英米の「絶対核家族 (親が相続者を指名)」やフランスなどの「平等主義核家族 (平等に分割相続)」と違い、日本は昔から「直系家族 (長子相続)」の文化を持つ国です。

  • 絶対核家族 (親が相続者を指名):英、米など
  • 平等主義核家族 (平等に分割相続):フランスなど
  • 直系家族 (長子相続):日本、韓国など

日本は世界各国と比較して長男・長女を重要視するなど、「年齢の高い人を敬う文化」が根付いています。

コロナ禍のパニックにおいても、英・米では「個人の自由」を尊重した初期対応となった一方、日本では重症化しやすい高齢者への感染リスクが大々的に報道され、「自粛を要請する空気」が社会全体に醸成されました。

犠牲になる「若者世代」

自粛要請によりコロナ・ウイルスが抑え込まれた一方で、「そのしわ寄せは日本の若者世代に向かった」と筆者は主張します。

例えば、日本は昔から「少子化」が問題視されていますが、回復傾向にあった日本の出生率は2020年以降に再度下落し始めています。

日本の合計特殊出生率(厚生労働省白書よりデータ抜粋)

経済活動が大幅に制限された結果、就職難や手取り減少などで「将来への心理的な不安」が増し、結婚を控える若者が増えていることが示唆されます。

内閣府が公表している毎年の生活満足度調査を見ても、国民の心理的不安が垣間見えます。

日本国民への生活満足度調査(内閣府「国民生活に関する世論調査」よりデータ抜粋)

新入社員の話を聞いていても、研究やサークル活動をまともにできないまま就職活動に突入したという方々がほとんどです。
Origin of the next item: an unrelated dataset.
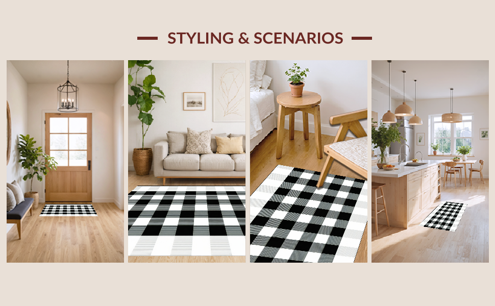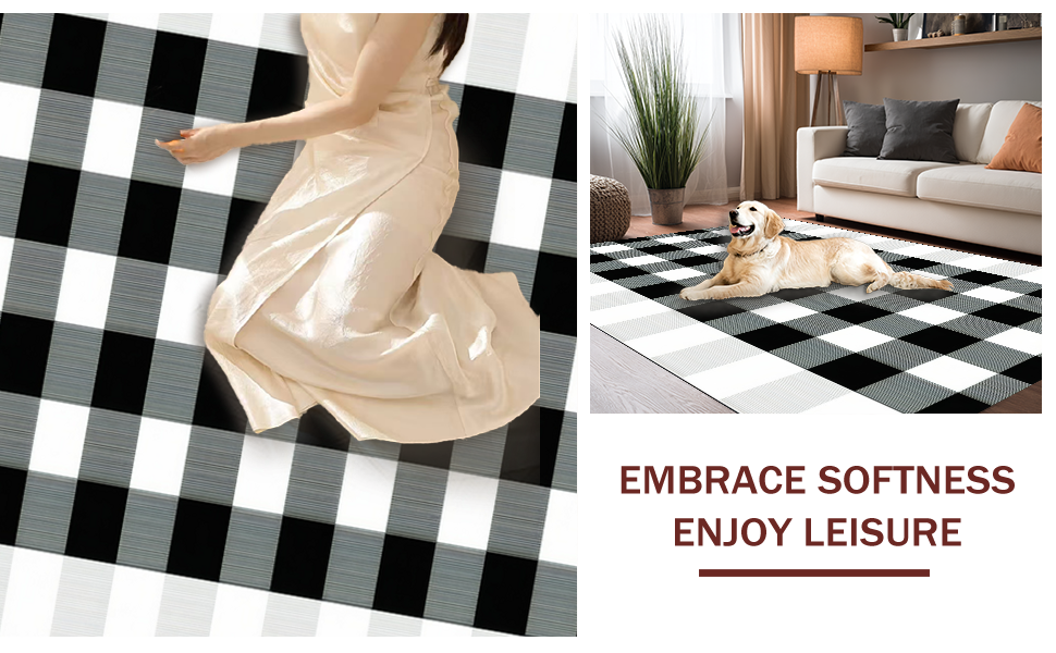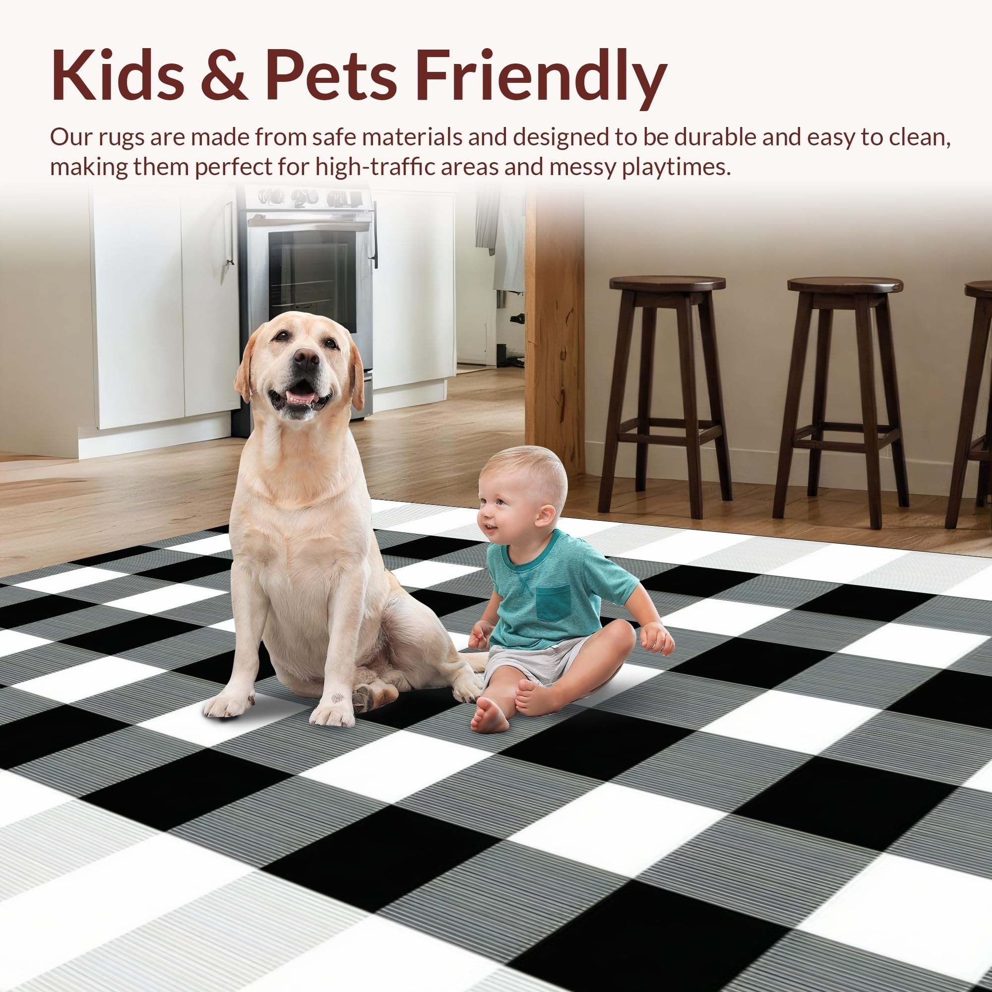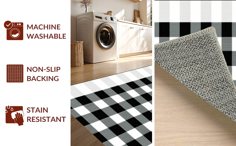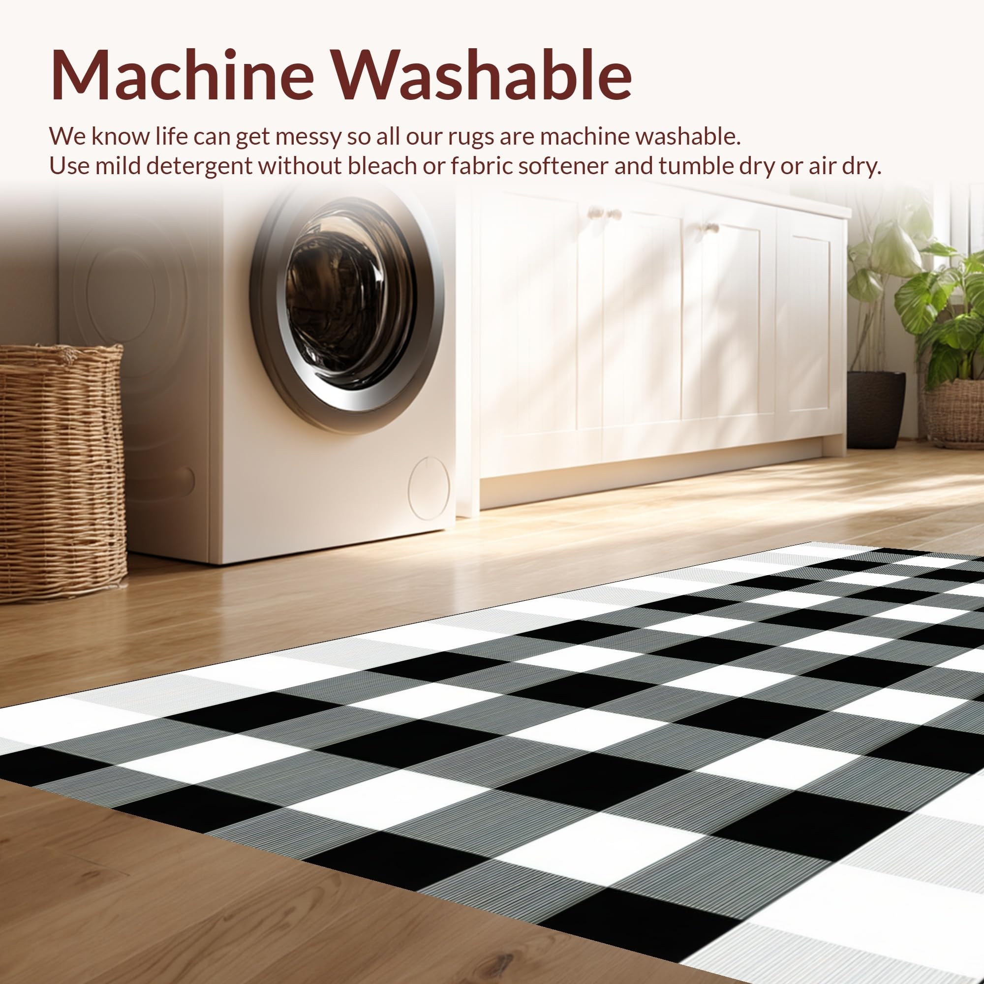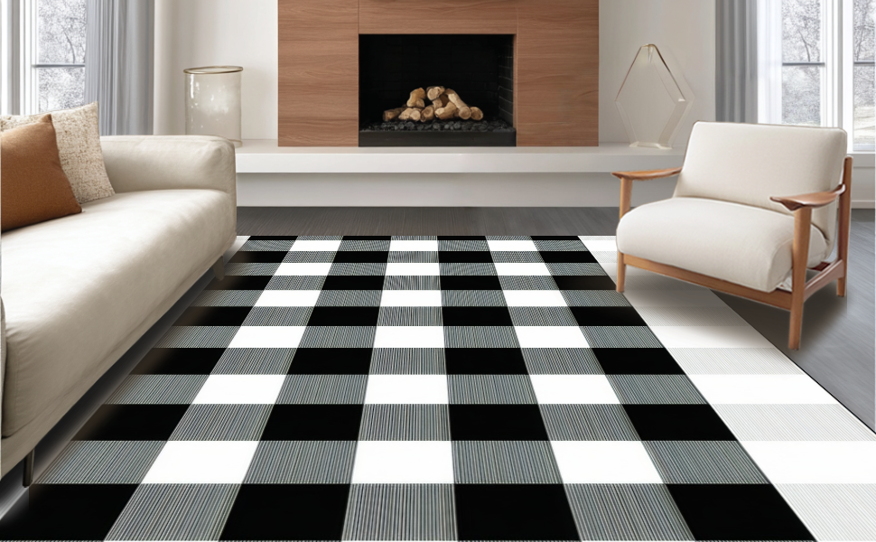 Ultra Soft Area Rug, Non Slip, Stain Resistant, Washable Area Rugs for Living Room, Bedroom, Rustic Black and White Check Pattern(Black) Overview:

若者に負担が回っているのは肌感覚で感じられます。

(中略)社会が存続する上で「高齢者の死亡率」よりも重要なのは「出生率」であることを忘れてはいけません。

『老人支配国家 日本の危機』(文藝春秋. Kindle 版)12ページ

高齢者の命を守るのはもちろん大事ですが、若者世代をないがしろにして国の存続自体が危ぶまれては、本末転倒になってしまいますね。

日本に求められる「意識改革」

少子化対策として日本では昔から「子育て支援」や「移民受け入れ」が議論されていますが、なかなか思うように進展していません。
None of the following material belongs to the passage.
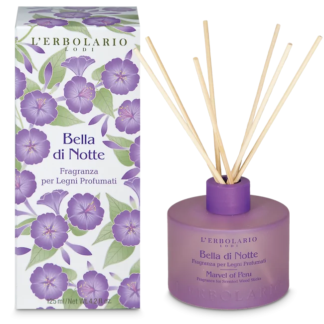 L'Erbolario Bella di Notte Fragranza per Legni Profumati è un elegante diffusore di profumo per ambienti con bastoncini in legno. Adatto per ogni ambiente della casa diffonde note fiorite e vanigliate.
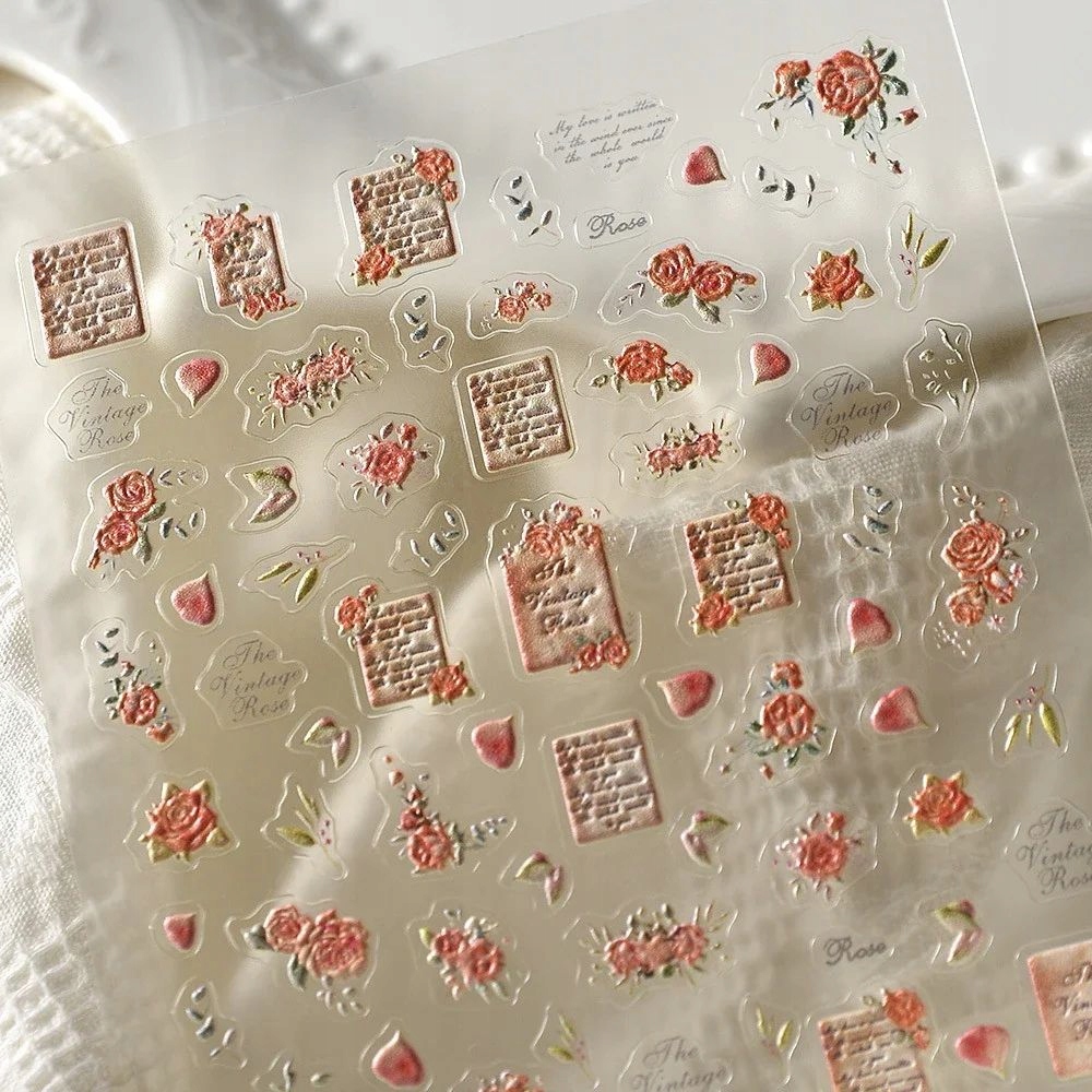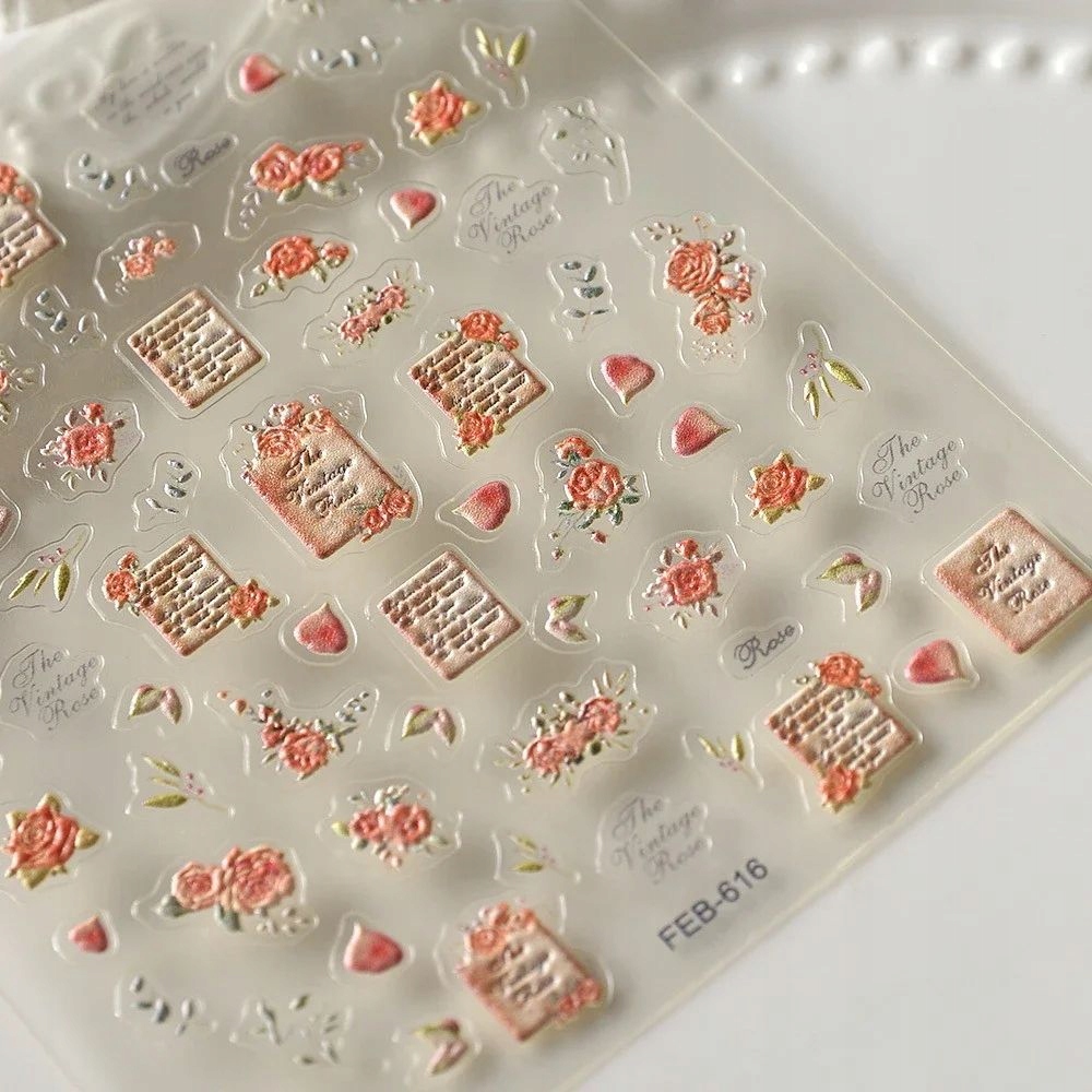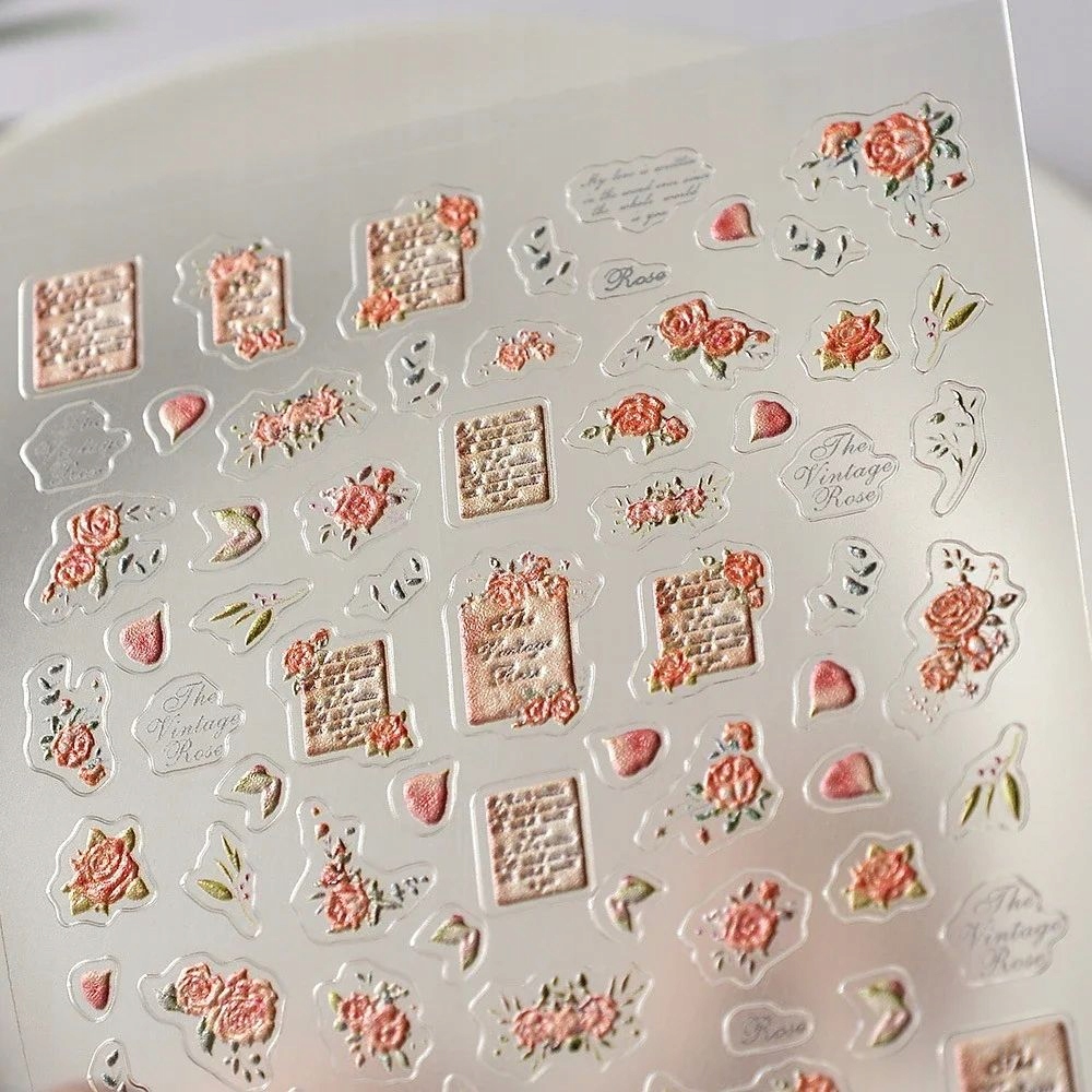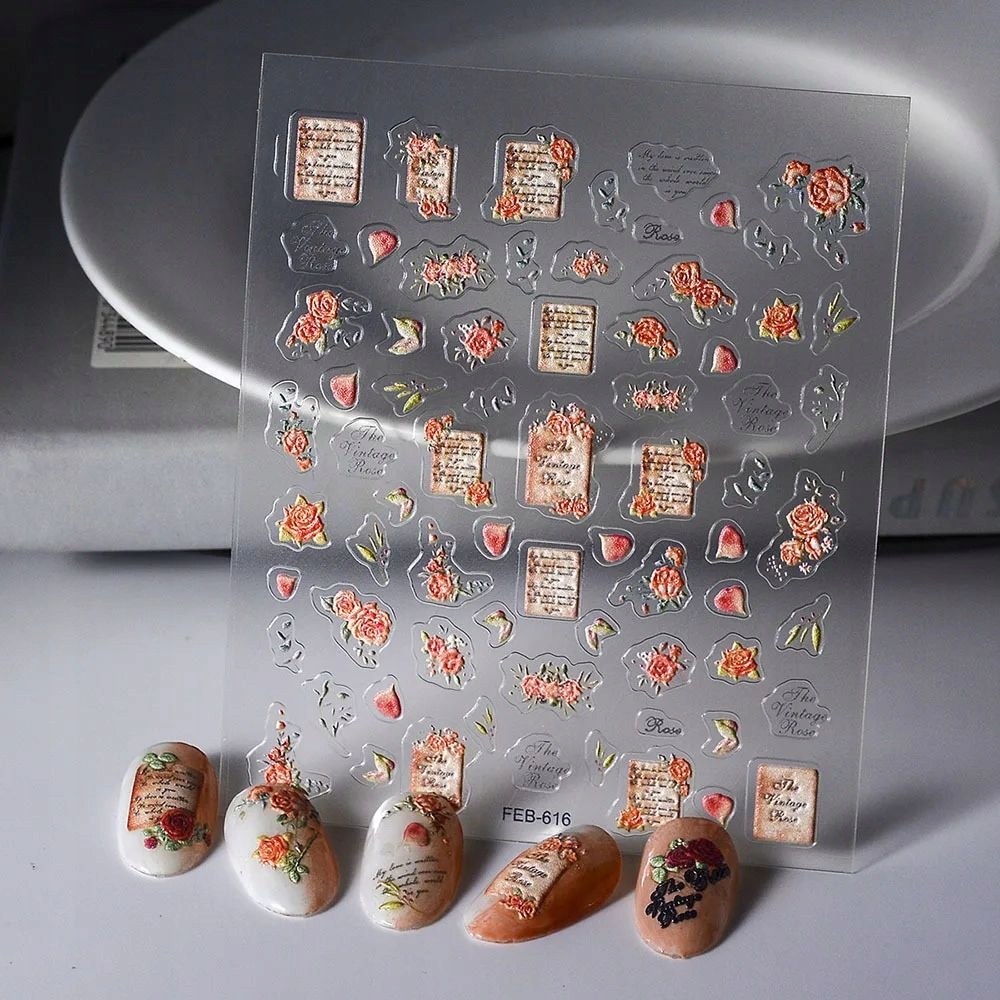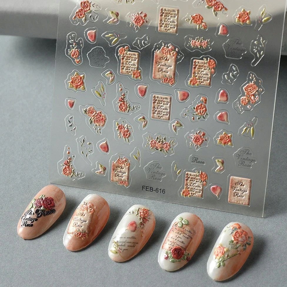 3D nalepke za nohte Samolepilne konveksne vzorci NAPISKI CVETJE VRTNICA Celoten opis

筆者は、本当に変革が必要なのは政策そのものではなく、実は「国民の意識」であると主張します。

(中略)出生率を上げると同時に移民を受け入れるには、〝不完全さ〟や〝無秩序〟をある程度、受け入れる必要があります。子供を持つこと、移民を受け入れることは、ある程度の〝不完全さ〟や〝無秩序〟を受け入れることだからです。

『老人支配国家 日本の危機』(文藝春秋. Kindle 版)12ページ

直系家族・日本の強みは、「世代間継承」、「技術の蓄積」、「勤勉さ」等ですが、その”完璧さ”ゆえに、「子どもを持つこと」や「移民受け入れ」といった環境変化にネガティブな印象を持っていると筆者は分析しています。
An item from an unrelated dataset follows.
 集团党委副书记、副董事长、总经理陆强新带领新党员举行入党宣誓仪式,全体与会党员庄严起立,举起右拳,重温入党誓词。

少子化対策がうまくいく秘訣は、実は私たちの意識レベルの問題であり、環境変化を受け入れる「おおらかな気持ち」が今求められているのだと、本書を読みながら強く感じました。

海外の著名哲学者が「日本」を俯瞰して見た本書には、私たち日本人が普段気づかない”核心”が語られていると感じます。興味を持った方は、一読してみて下さい。